Edward first ran it and checked it. There was nothing abnormal. He kept the software still and ran it in the background. Then he set it up every second to save the process record in the current memory to the log file.
Then, he downloaded the tree worm again. After a flash, he immediately switched to the "ramdetect" interface, which was still the same, and there was no extra process.
He quit the software, then found the previously set folder, and found a log file in it.
In just a few seconds, more than 200 lines of records have been saved.
Edward carefully analyzed the log file and finally found a difference in the second half, which immediately revived his spirit.
In the record saved at this moment, there is an additional process called "ghost".
Edward repeatedly compared the records before and after. This process did not appear before and after, and only appeared in that second.
I tried it again several times, and estimated the time of the process, and finally determined it.
It's just a flash, only a second in the memory record, really like a ghost!
"That's it!" Edward shouted excitedly.
is this "ghost" program. Once a tree worm appears in the process, it will immediately remove it.

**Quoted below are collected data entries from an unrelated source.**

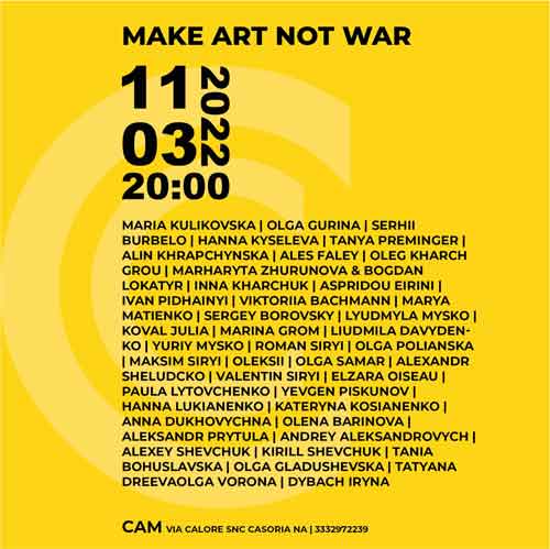 L’11 marzo 2022 a partire dalle ore 20.00, il Museo CAM ha programmato una manifestazione per la pace in Ucraina, con il sostegno di Enti, artisti e musicisti tutti uniti nel chiedere la fine dei bombardamenti. Una mostra con circa 50 artisti ucraini, che in queste ore stanno inviando le immagini delle loro opere da ogni parte dell’Ucraina, performance musicali, visive e la vendita delle immagini delle opere in mostra il cui ricavato sarà donato alla Comunità Ucraina di Napoli per l’acquisto di beni di prima necessità. Questo evento vuole esprimere la netta posizione del CAM, degli artisti visivi, dei musicisti ed in generale di tutti gli operatori delle arti e della cultura, di vicinanza a tutti coloro che soffrono a causa della guerra.
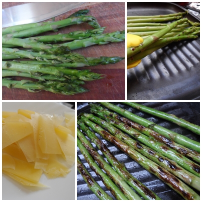 4. Depois leve um pedaço de parmesão à mesa e rale algumas lascas sobre os aspargos. Se desejar uma perfeita fusão entre os dois, coloque o parmesão ainda na grelha.
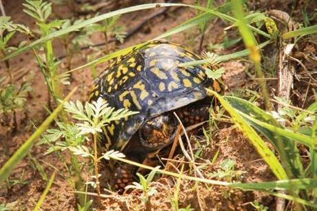 worms, strawberries, various fruits, and even carrion. When my wife, Elizabeth, and I gather mushrooms in the fall, we sometimes find specimens with a triangular bite taken out of the cap. In Amphibians and Reptiles of the Carolinas and Virginia (UNC Press, 1989), the authors note that, “Box turtles eat several kinds of poisonous mushrooms ... and cases of poisoning are known in some persons who have eaten these reptiles.” We’re more surprised that “some persons” eat box turtles than by the fact that box turtles sometimes eat poisonous mushrooms.
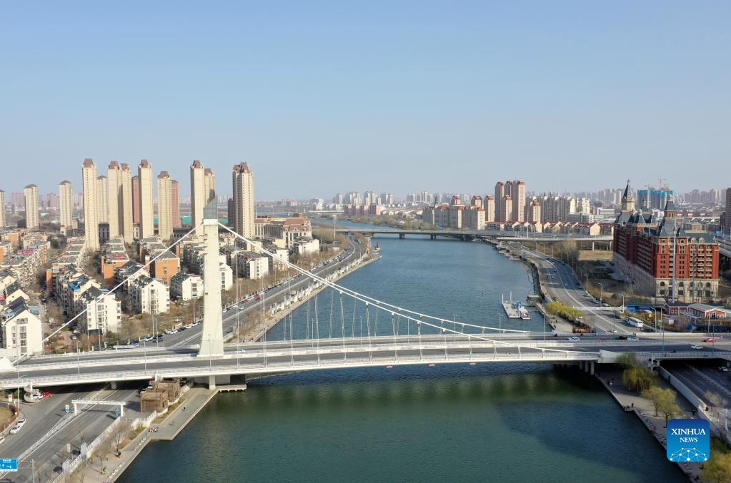 Aerial photo taken on March 26, 2022 shows the Jintang bridge (front) over the Haihe River in north China's Tianjin. (Xinhua/Sun Fanyue)
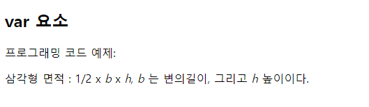 <var> 요소는 수학식 혹은 프로그램 변수를 정의한다.
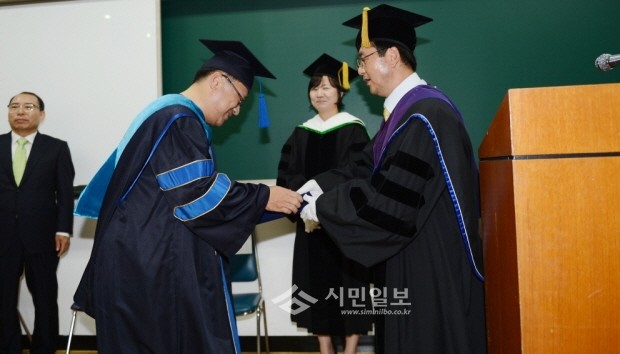 [시민일보]복지예산의 효율적 사용과 복지 사각지대 해소 에 관련된 전문적 소양을 쌓기 위해 지난 2011년 단국대학교 행정법무대학원 사회복지학과에 입학한 오산시의회 최웅수 의장이 지난 16일 단국대학교 행정법무대학원 사회복지 석사학위를 취득했다. 사진은 최웅수 오산시의회 의장이 졸업식을 갖고있는 모습.
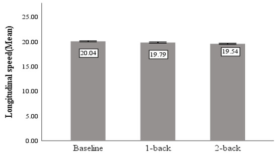 The average value of longitudinal speed represents the magnitude of the longitudinal speed of the vehicle during the subjects’ driving, as shown in Table 3. The cognitive distraction produced a significant difference in the average value of longitudinal speed of the vehicle (F = 5.457, p = 0.004 < 0.05). Figure 9 shows that the average value of longitudinal speed was higher when driving normally than when driving cognitively distracted.
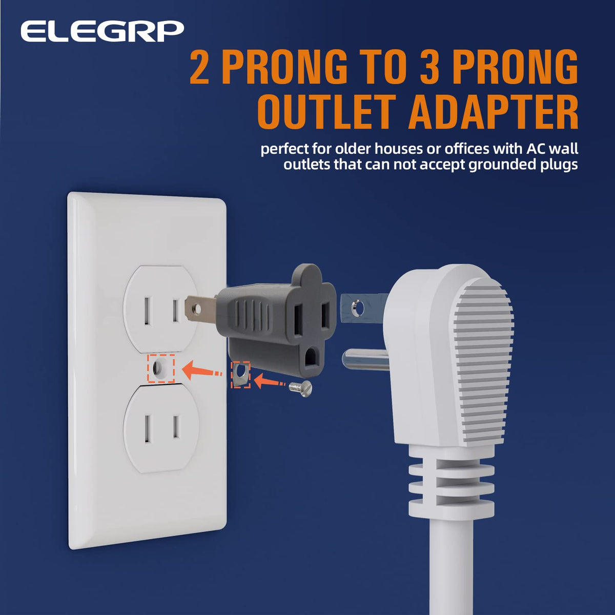 Q: What is the purpose of the ELEGRP 2 to 3 Prong Outlet Adapter?A: The ELEGRP 2 to 3 Prong Outlet Adapter is designed to convert a 2-prong outlet into a 3-prong outlet, providing grounding protection for appliances in older homes or offices that do not accept grounded plugs.
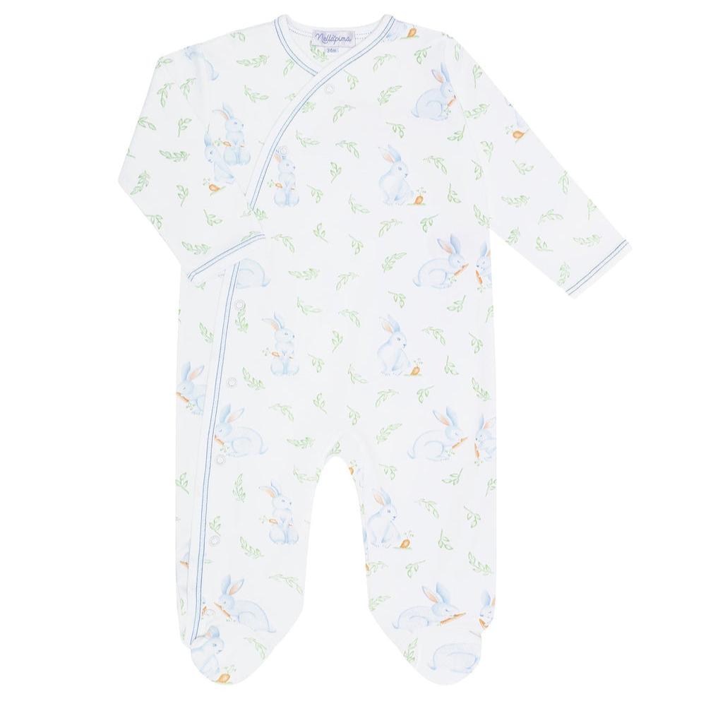 Auraluz White Gown with Sitting Bunny Pocket & Blue Checked Trim
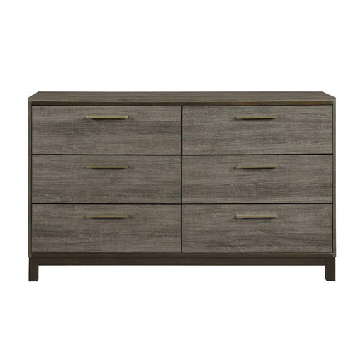 Vestavia Collection by Homelegance Furniture Gray finish Faux wood Clean lines Horizontal brushed nickel hardware Offered in both adult and youth ...
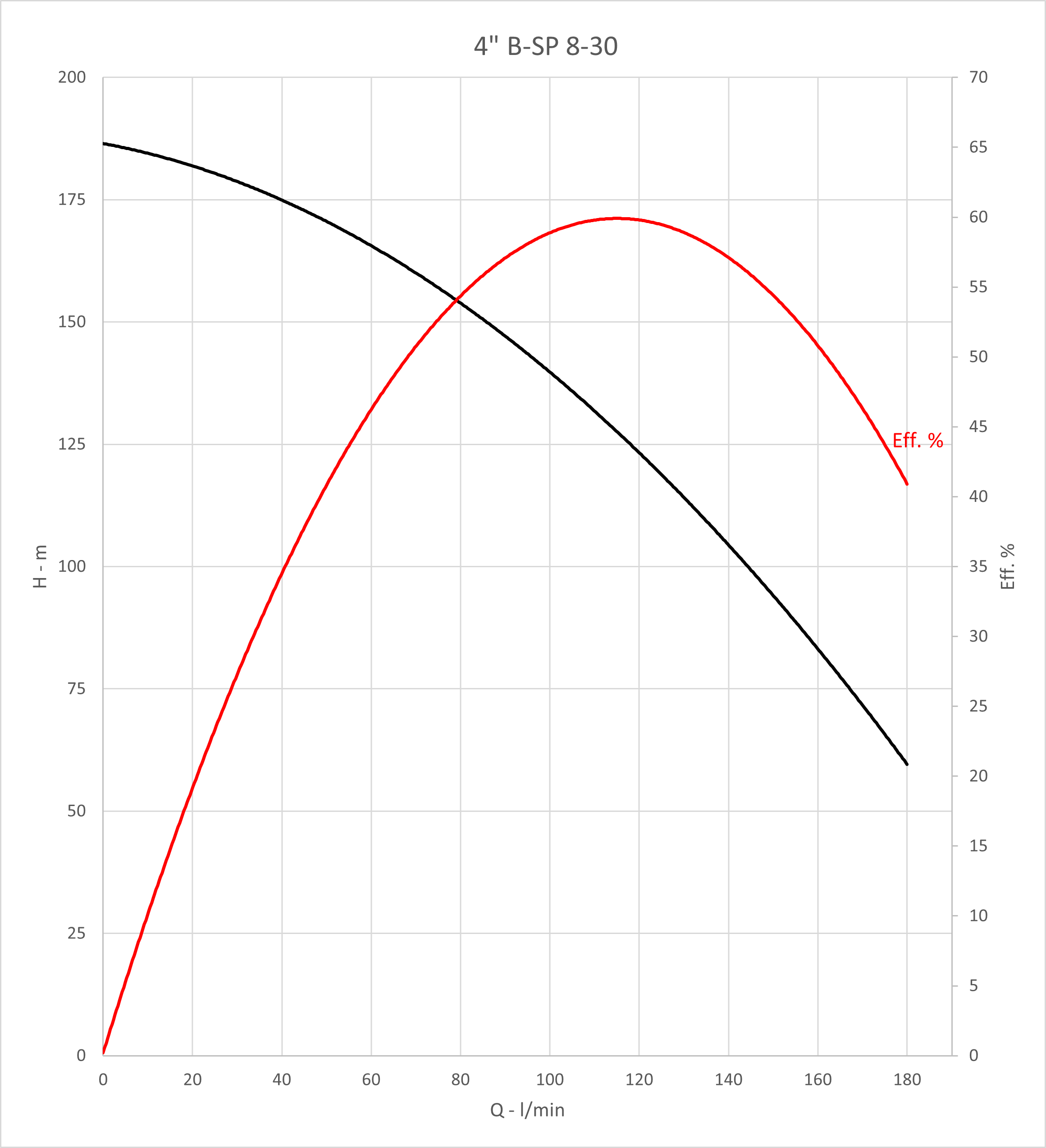 Q max: 180 l/min Spanning: 400 V H max: 191 m P max: 5,5 kW DN afvoer - diameter: 2 '' Max. temperatuur van verpompte vloeistof: 35 °C Diameter pomp: 98 mm Huidige: 12,4 A Max. diepgang motor: 100 m Type motor: F.B. submersible motors |

No matter what version of the worm is, it can't escape its "eye".
Edward is very happy that he has found the reason, but what does this "ghost" program do? Why is it hidden in it? How does it hide itself?
A series of new problems bothers Edward.
He checked all the machines in other computer rooms of the Fermi laboratory. Sure enough, there was this process in it.
Edward tried to remove it, but he couldn't find an effective way. He could even find the trace of the other party, and had to use tree to lure him to make it appear in the data structure of memory information. At ordinary times, you can't know which corner of the memory it is hidden. The machine moves.
Its power in technology not only shocked Edward, but also felt an inexplicable panic.
Although thetree worm is powerful, it can be found after all. Although it has some new features, it is not out of the category of the worm. It still has some fatal shortcomings of the worm, such as repeated replication, causing network congestion. It can also be easily found in the process, and it will be removed sooner or later. .
But this "ghost" program is really like a ghost, which is extremely difficult to find. If it hadn't happened to encounter the tree worm outbreak this time, I don't know how long it will continue to hide, and I don't know how long the ghost has been buried here.
If it wants to steal confidential information like a tree worm, it will be more horrible than a worm.
Edward downloaded the network packet protocol analysis tool from ftp again, which began to monitor the server's external acceptance and sending of packets, and then unpacked analysis. He wants to see if the "ghost" is also sending data to the outside world.
The results of the analysis made him a little relieved, and there were no special data packets, that is to say, the ghosts in these servers were not contacted for the time being.
Just as Edward wanted to continue his analysis, Theodore called and complained to Edward.
The further outbreak of the tree worm has seriously affected the normal operation of government functions. The White House and the Pentagon have already greeted Theodore and asked them to restore the network as soon as possible.
At the first level, Theodore also strictly ordered Edward to come up with an effective solution as soon as possible, otherwise they would have to roll it home.
The ghost can restrain the tree virus, which Edward saw with his own eyes. The most important task now is to remove all the tree worms on the network as soon as possible and restore the network. He decided to put aside the real purpose of the ghost and start to focus on the research on the killing of ghosts.
To Edward's surprise, although ghosts seem to have the characteristics of transmission, they seem to be more organized and disciplined, and they do not spread blindly.
"As long as the ghost is successfully spread out, won't the crisis of the tree worm be solved smoothly?" Edward thought so. This is the way to solve the worm problem as quickly as possible.